**WORK REQUIRED:** Restate the entries word for word and skip every image.

Stored data entries
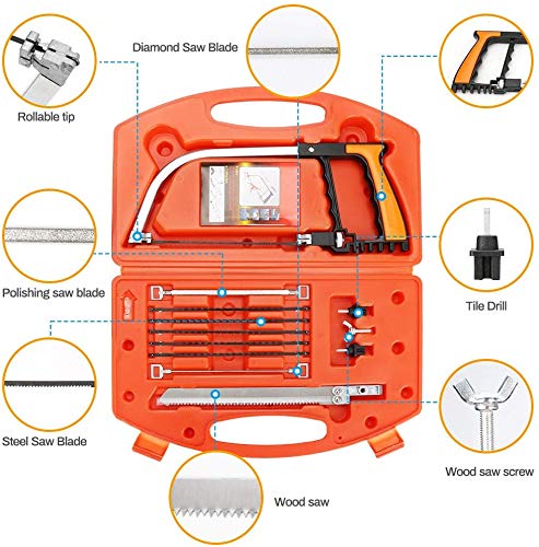 【Multifunktional, Anpassbar Einsetzbar】 Diese 14-in-1 Handsäge passt zu Ihrem Bedarf,Ersatzklingen abschließen alle Ihre Säge BedürfnisseUnd Mit 7 Mehrzweck Bügelsäge Sägeblättern, 2 Diamant-Sägeblattern, 2 Bohrer, 1 Holz-Klingenschraube, einer Bogensäge, einer Bedienungsanleitung. Für den Hausgebrauch oder auch als Geschenk für Hobbybastler ist dieses Set wirklich perfekt.
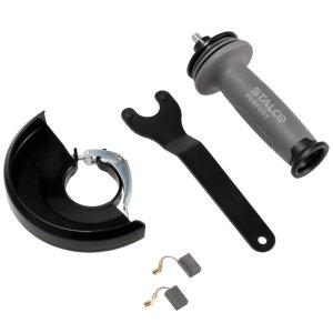• příslušenství: pomocná rukojeť, bezpečnostní kryt, klíč na vnější přírubu, vnitřní příruba, vnější příruba, 1× sada uhlíkových kartáčů
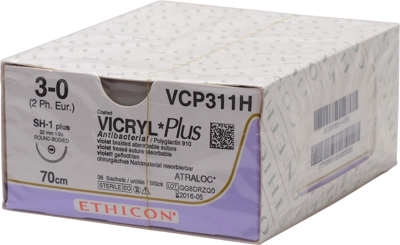 VICRYL Plus ist ein synthetisches, resorbierbares Nahtmaterial mit einer polyfilen Struktur. Dieses antiseptisch beschichtete Nahtmaterial mit Triclosan zeigt eine Reduzierung des Risiokos von postoperativen Wundinfektionen.
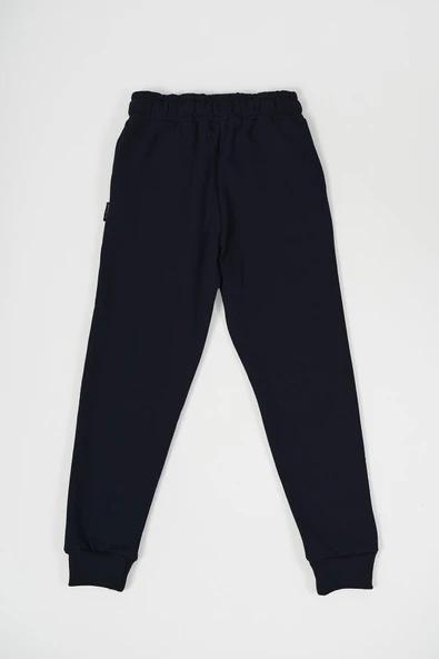 Lacivert Kalın Pamuklu Beli ve Paçası Lastikli Cepli 5-6-7-8-9-10-11-12 Yaş Kız Çocuk Eşofman Altı
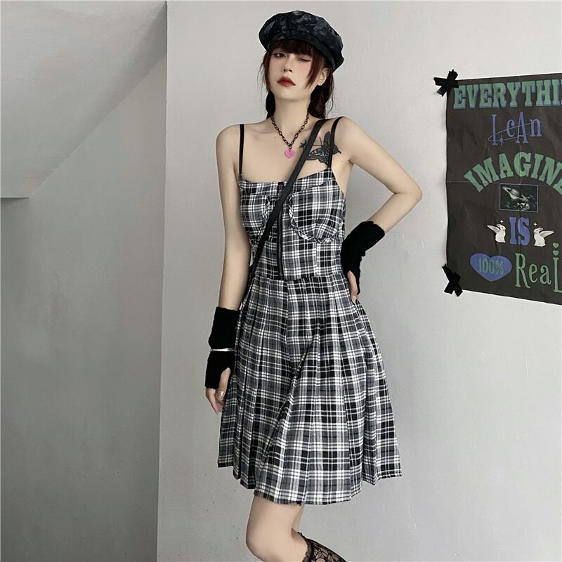 スカート サマースタンダード格子柄ドレス ウェスト薄手Aライン レトロ 夏物 Brother_is_Style59847288130
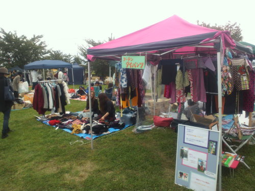 今日は降水確率60%でしたが、雨は降ることなくくもり空で快適に過ごせた素敵なアースデイになりました。主催のフリマネット信州のみなさん、いつも素敵な場を整えてくださりありがとうございます。今回も気持ちよく出店することができました、感謝☆今回のアースデイはいつものアルウィン南側ではなく、東側の広場。雨を心配してか出店もお客さんも少なめに感じましたが、わたしは今日の雰囲気はすごい好きでしたね。NO ONEの出店はこんな感じ。細かい区画割だったので2面使えるはじっこに出店できました。今回は家族に用事があって一人出店だし、駐車場から遠そうだったので搬入が楽になるようにと、今回一番時間をかけて考えたのがレイアウトでした。テントにただ吊るすだけでは商品が見えにくいかな…と以前から思っていて、今回はこんな道具を使ってみました。この棒をテントに引っ掛けて端っこをひもでくくって、ここにハンガーをかけました。この棒って…そう、この野菜とか花に使うワイヤーです。20着くらいなら、しなることもなくこれで十分。タイパンツの本数が多い時は長いワイヤーをつなげばOK。物干しざおや竹を使ってる人も多いですが、わたしはこれでいいかな。今日のアースデイはね、はじめましての方とたくさんお話しできて楽しかったです。タイパンツかわいいー♪全部作ってるんだねすごーい♪どれも素敵素敵♪お褒めの言葉をいっぱいいただきました。リメイク講座やキッチンDEソーイングに興味を持ってくださった方も。ご都合合うようだったらぜひいらしてくださいね。お待ちしています!!会いたかったり、どうしてるかなって気になっていた出店仲間達にも会えました。ちょっと挨拶するだけだったり、遠くから見るだけだったりでしたが、みんなそれぞれ活動している様子や、今ちょっとお休みしてるんだよって様子など、きっとちょっとずつ変わっているんだろうけど、やっぱり根っこは変わらないよなってなんか安心しました。わたしにとって何年も同じ場所で出店するということは、そこでしか会えない人と「ああまた会えたね、お互いやってるね」ってことを、確認しあう日なんだと、改めて確認しました。出店するたびに知り合いが増えて、より自分らしくいられる場所になってゆく、わたしにとっての出店ってそんな意味があるような気がします。長野県内の出店は、今日で本年最後になると思います。タイパンツに会いに来てくれたみなさま、ありがとうございました!!冬場も機会を見つけて出店してゆきたいと思っていますので、どうぞよろしくお願いします!!

**COMPLETED TASK:**
 【Multifunktional, Anpassbar Einsetzbar】 Diese 14-in-1 Handsäge passt zu Ihrem Bedarf,Ersatzklingen abschließen alle Ihre Säge BedürfnisseUnd Mit 7 Mehrzweck Bügelsäge Sägeblättern, 2 Diamant-Sägeblattern, 2 Bohrer, 1 Holz-Klingenschraube, einer Bogensäge, einer Bedienungsanleitung. Für den Hausgebrauch oder auch als Geschenk für Hobbybastler ist dieses Set wirklich perfekt.
• příslušenství: pomocná rukojeť, bezpečnostní kryt, klíč na vnější přírubu, vnitřní příruba, vnější příruba, 1× sada uhlíkových kartáčů
 VICRYL Plus ist ein synthetisches, resorbierbares Nahtmaterial mit einer polyfilen Struktur. Dieses antiseptisch beschichtete Nahtmaterial mit Triclosan zeigt eine Reduzierung des Risiokos von postoperativen Wundinfektionen.
 Lacivert Kalın Pamuklu Beli ve Paçası Lastikli Cepli 5-6-7-8-9-10-11-12 Yaş Kız Çocuk Eşofman Altı
 スカート サマースタンダード格子柄ドレス ウェスト薄手Aライン レトロ 夏物 Brother_is_Style59847288130
 今日は降水確率60%でしたが、雨は降ることなくくもり空で快適に過ごせた素敵なアースデイになりました。主催のフリマネット信州のみなさん、いつも素敵な場を整えてくださりありがとうございます。今回も気持ちよく出店することができました、感謝☆今回のアースデイはいつものアルウィン南側ではなく、東側の広場。雨を心配してか出店もお客さんも少なめに感じましたが、わたしは今日の雰囲気はすごい好きでしたね。NO ONEの出店はこんな感じ。細かい区画割だったので2面使えるはじっこに出店できました。今回は家族に用事があって一人出店だし、駐車場から遠そうだったので搬入が楽になるようにと、今回一番時間をかけて考えたのがレイアウトでした。テントにただ吊るすだけでは商品が見えにくいかな…と以前から思っていて、今回はこんな道具を使ってみました。この棒をテントに引っ掛けて端っこをひもでくくって、ここにハンガーをかけました。この棒って…そう、この野菜とか花に使うワイヤーです。20着くらいなら、しなることもなくこれで十分。タイパンツの本数が多い時は長いワイヤーをつなげばOK。物干しざおや竹を使ってる人も多いですが、わたしはこれでいいかな。今日のアースデイはね、はじめましての方とたくさんお話しできて楽しかったです。タイパンツかわいいー♪全部作ってるんだねすごーい♪どれも素敵素敵♪お褒めの言葉をいっぱいいただきました。リメイク講座やキッチンDEソーイングに興味を持ってくださった方も。ご都合合うようだったらぜひいらしてくださいね。お待ちしています!!会いたかったり、どうしてるかなって気になっていた出店仲間達にも会えました。ちょっと挨拶するだけだったり、遠くから見るだけだったりでしたが、みんなそれぞれ活動している様子や、今ちょっとお休みしてるんだよって様子など、きっとちょっとずつ変わっているんだろうけど、やっぱり根っこは変わらないよなってなんか安心しました。わたしにとって何年も同じ場所で出店するということは、そこでしか会えない人と「ああまた会えたね、お互いやってるね」ってことを、確認しあう日なんだと、改めて確認しました。出店するたびに知り合いが増えて、より自分らしくいられる場所になってゆく、わたしにとっての出店ってそんな意味があるような気がします。長野県内の出店は、今日で本年最後になると思います。タイパンツに会いに来てくれたみなさま、ありがとうございました!!冬場も機会を見つけて出店してゆきたいと思っていますので、どうぞよろしくお願いします!!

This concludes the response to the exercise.